** TASK MATERIAL follows **

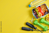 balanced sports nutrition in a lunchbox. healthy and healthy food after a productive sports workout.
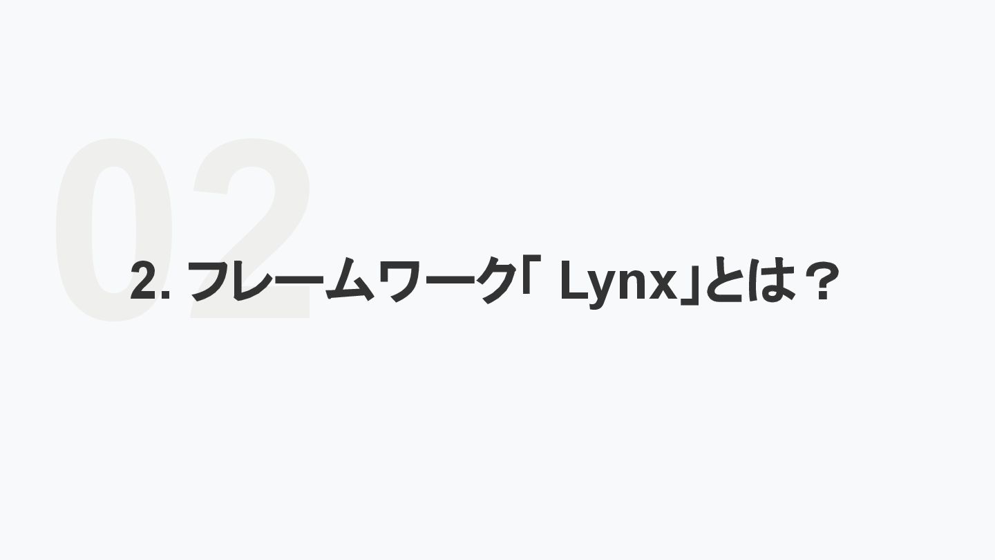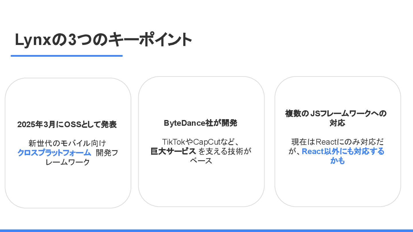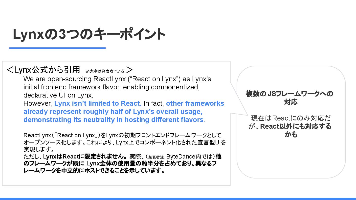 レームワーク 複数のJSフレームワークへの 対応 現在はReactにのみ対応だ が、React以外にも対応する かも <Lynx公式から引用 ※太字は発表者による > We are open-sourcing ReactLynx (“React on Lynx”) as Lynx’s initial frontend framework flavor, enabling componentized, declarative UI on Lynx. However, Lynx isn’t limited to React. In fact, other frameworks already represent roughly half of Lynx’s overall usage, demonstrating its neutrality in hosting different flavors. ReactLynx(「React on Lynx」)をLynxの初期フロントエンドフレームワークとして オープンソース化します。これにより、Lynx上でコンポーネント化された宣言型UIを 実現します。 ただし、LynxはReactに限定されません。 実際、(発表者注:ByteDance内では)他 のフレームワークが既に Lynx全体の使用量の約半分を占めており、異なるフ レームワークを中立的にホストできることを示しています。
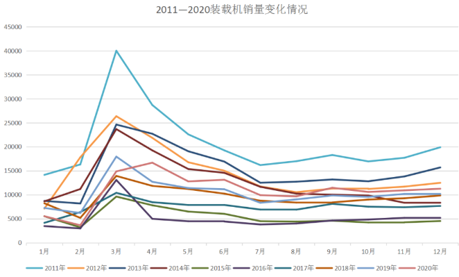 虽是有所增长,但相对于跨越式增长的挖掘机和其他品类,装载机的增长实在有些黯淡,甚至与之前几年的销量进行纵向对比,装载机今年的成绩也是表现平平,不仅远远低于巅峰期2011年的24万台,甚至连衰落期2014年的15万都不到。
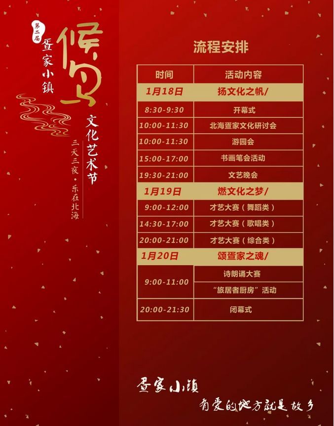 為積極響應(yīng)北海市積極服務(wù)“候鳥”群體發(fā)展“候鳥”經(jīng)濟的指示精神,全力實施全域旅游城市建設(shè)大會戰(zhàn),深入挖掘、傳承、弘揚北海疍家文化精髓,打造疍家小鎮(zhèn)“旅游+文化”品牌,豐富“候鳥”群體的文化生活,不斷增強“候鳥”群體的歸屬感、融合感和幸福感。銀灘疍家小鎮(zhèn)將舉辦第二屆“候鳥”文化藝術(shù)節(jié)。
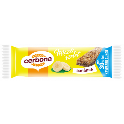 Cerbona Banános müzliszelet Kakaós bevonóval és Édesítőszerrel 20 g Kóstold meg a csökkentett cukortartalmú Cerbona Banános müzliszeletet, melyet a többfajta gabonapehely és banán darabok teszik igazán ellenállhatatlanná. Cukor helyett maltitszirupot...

** End of TASK MATERIAL **

* [YOUR GOAL] Return each record as written, minus its images.

* [SOLVED PROBLEM]
 balanced sports nutrition in a lunchbox. healthy and healthy food after a productive sports workout.
 レームワーク 複数のJSフレームワークへの 対応 現在はReactにのみ対応だ が、React以外にも対応する かも <Lynx公式から引用 ※太字は発表者による > We are open-sourcing ReactLynx (“React on Lynx”) as Lynx’s initial frontend framework flavor, enabling componentized, declarative UI on Lynx. However, Lynx isn’t limited to React. In fact, other frameworks already represent roughly half of Lynx’s overall usage, demonstrating its neutrality in hosting different flavors. ReactLynx(「React on Lynx」)をLynxの初期フロントエンドフレームワークとして オープンソース化します。これにより、Lynx上でコンポーネント化された宣言型UIを 実現します。 ただし、LynxはReactに限定されません。 実際、(発表者注:ByteDance内では)他 のフレームワークが既に Lynx全体の使用量の約半分を占めており、異なるフ レームワークを中立的にホストできることを示しています。
 虽是有所增长,但相对于跨越式增长的挖掘机和其他品类,装载机的增长实在有些黯淡,甚至与之前几年的销量进行纵向对比,装载机今年的成绩也是表现平平,不仅远远低于巅峰期2011年的24万台,甚至连衰落期2014年的15万都不到。
 為積極響應(yīng)北海市積極服務(wù)“候鳥”群體發(fā)展“候鳥”經(jīng)濟的指示精神,全力實施全域旅游城市建設(shè)大會戰(zhàn),深入挖掘、傳承、弘揚北海疍家文化精髓,打造疍家小鎮(zhèn)“旅游+文化”品牌,豐富“候鳥”群體的文化生活,不斷增強“候鳥”群體的歸屬感、融合感和幸福感。銀灘疍家小鎮(zhèn)將舉辦第二屆“候鳥”文化藝術(shù)節(jié)。
 Cerbona Banános müzliszelet Kakaós bevonóval és Édesítőszerrel 20 g Kóstold meg a csökkentett cukortartalmú Cerbona Banános müzliszeletet, melyet a többfajta gabonapehely és banán darabok teszik igazán ellenállhatatlanná. Cukor helyett maltitszirupot...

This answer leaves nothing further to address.